At Lavenlair, waiting on the bloom and what's next


FORT ANN — Lavender blooms in the third week of June.

Lavenlair Farm has 30 different varieties that will be ready for the picking this summer.

“We have learned so much about lavender. It’s kind of the Swiss Army knife of herbs,” said Diane Allen, who owns the farm with her husband, David. “It can be used as a food; it can be used as a fragrance. The Latin root of it is ‘lavar,’ which is ‘to wash.’ There are studies that show its antibacterial qualities.”

But the business owners are already making alternative plans in case New York is still on pause on June 17, the day the farm plans to open.

“We’re very worried. I don’t know what we’re going to do, to tell you the truth,” Allen said.

The lavender farm is usually open from mid-June until Labor Day, and sometimes into September if an Indian summer yields a second bloom.

Allen considers herself healthy, but she donated a kidney to a stranger six years ago, so a virus that causes organ failure could be catastrophic for her. They have decided not to sell their goods at farmers markets.
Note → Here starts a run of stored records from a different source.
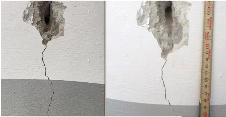
Figur 5, bild till vänster är från 2024 och bild till höger från 2016.

Stompelare för taket har vertikala sprickor längs med pelarnas längd:
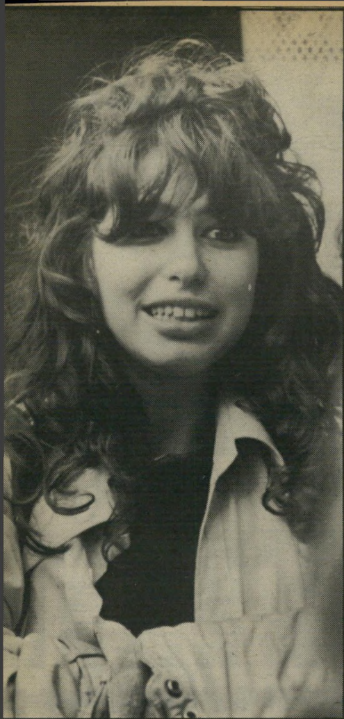
סיגל בת 17 אינני רואה את עצמי אם בגיל 17
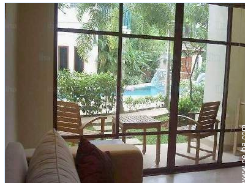
vista desde el dormitorio
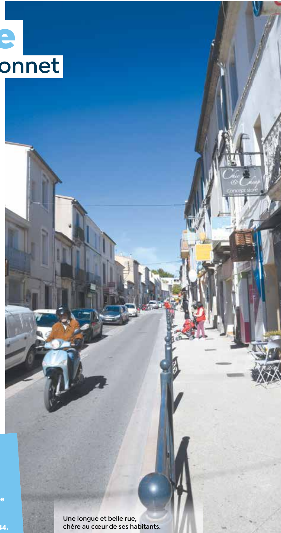
Une longue et belle rue, chère au cœur de ses habitants.
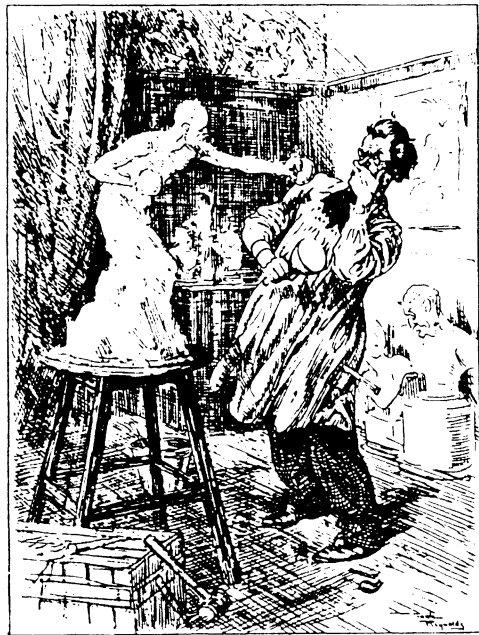
„Kunstnerrisiko“. Fra „Jul for Sportsmænd“ december 1935.

„Jul for Sportsmænd 1935“ hed også „Mr. Smiles Julenummer“. Mr. Smile var
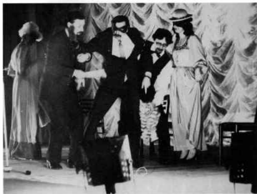
А.П. Чехов «Юбилей»
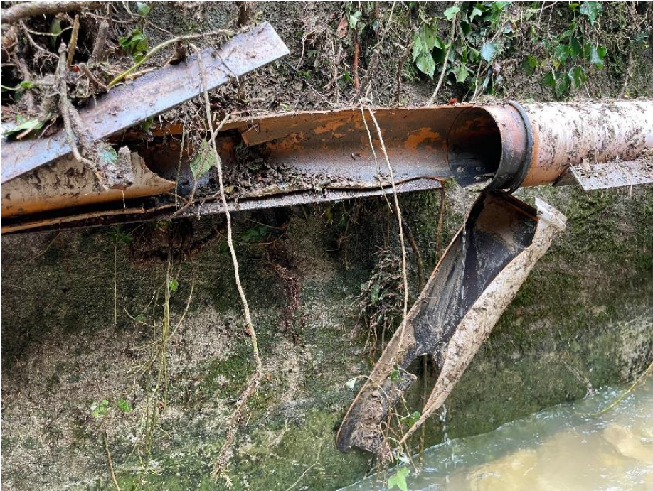
Conduite eaux usées à réparer (La Vaux, Vaumarcus)
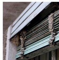
Spatzennistplatz im Jalousienkasten 6
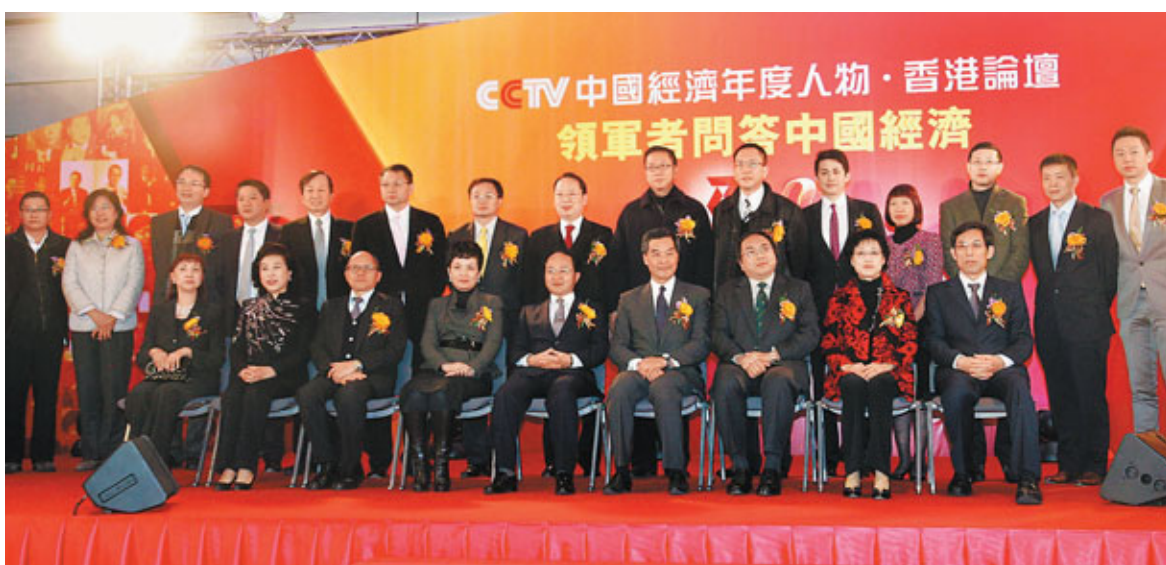
第11屆「中國經濟年度人物」論壇昨首次移師香港舉行。

曾被評為「年度大人物」的新浪首席執行官兼總裁曹國偉預料，互聯網將會是中國未來經濟發展的新亮
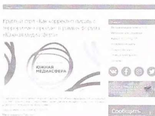
Рисунок 9 – Информация о предстоящем мероприятии

Данный пункт можно проиллюстрировать мероприятием – Круглый стол «Как корректно писать о терроризме», который прошел в рамках форума «Южная медиасфера» (см рисунок 9).
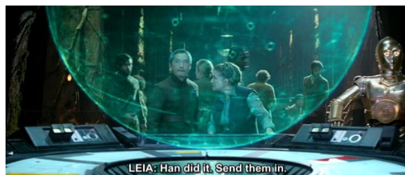
Gambar 4.31 Leia sedang memimpin Resistance

Dari kedua kode tersebut menggambarkan bahwa Maz sebagai perempuan memiliki keyakinan dan percaya diri. Ditambah dengan kode ekspresi dari Maz yaitu tatapan serius dan penuh harapan kepada Rey dengan memfokuskan mata dan mengerutkan dahinya. Sehingga membongkar stereotip perempuan yang tidak percaya diri (Williams & Bennett, 1975).

“Why would we put our health at risk?” Allen said.

Like other agri-tourism businesses, Lavenlair is considering making visits “by appointment only” this summer, she said.

In the meantime, the farm’s lavender products are all available on their website at Online business has been so good in the off-season that the Allens just donated $1,200 to the Cornerstone Bible Church Food Pantry in Fort Ann.

They decided to donate $1,200 because the number 12 has a significant place in their lives. The couple will celebrate their 12th wedding anniversary on Dec. 12. They were married on Dec. 12, 2008, with 12 guests in attendance. Two of them were their twin sons, who were both 12 years old.

The farm has also applied for grants to help purchase a webcam to help the farm be available this summer virtually.

“If you’re feeling stressed, listen to the birdsong and just watch the breeze flow through a couple thousand lavender plants,” Allen said.

The lavender farmers are trying not to stress until their June 17 opening date gets closer. Dave Allen also works from home as an information technology consultant.

“The crystal ball’s a little cloudy,” Allen said. “We’re kind of postponing the decision for maybe another month to see where things stand then.”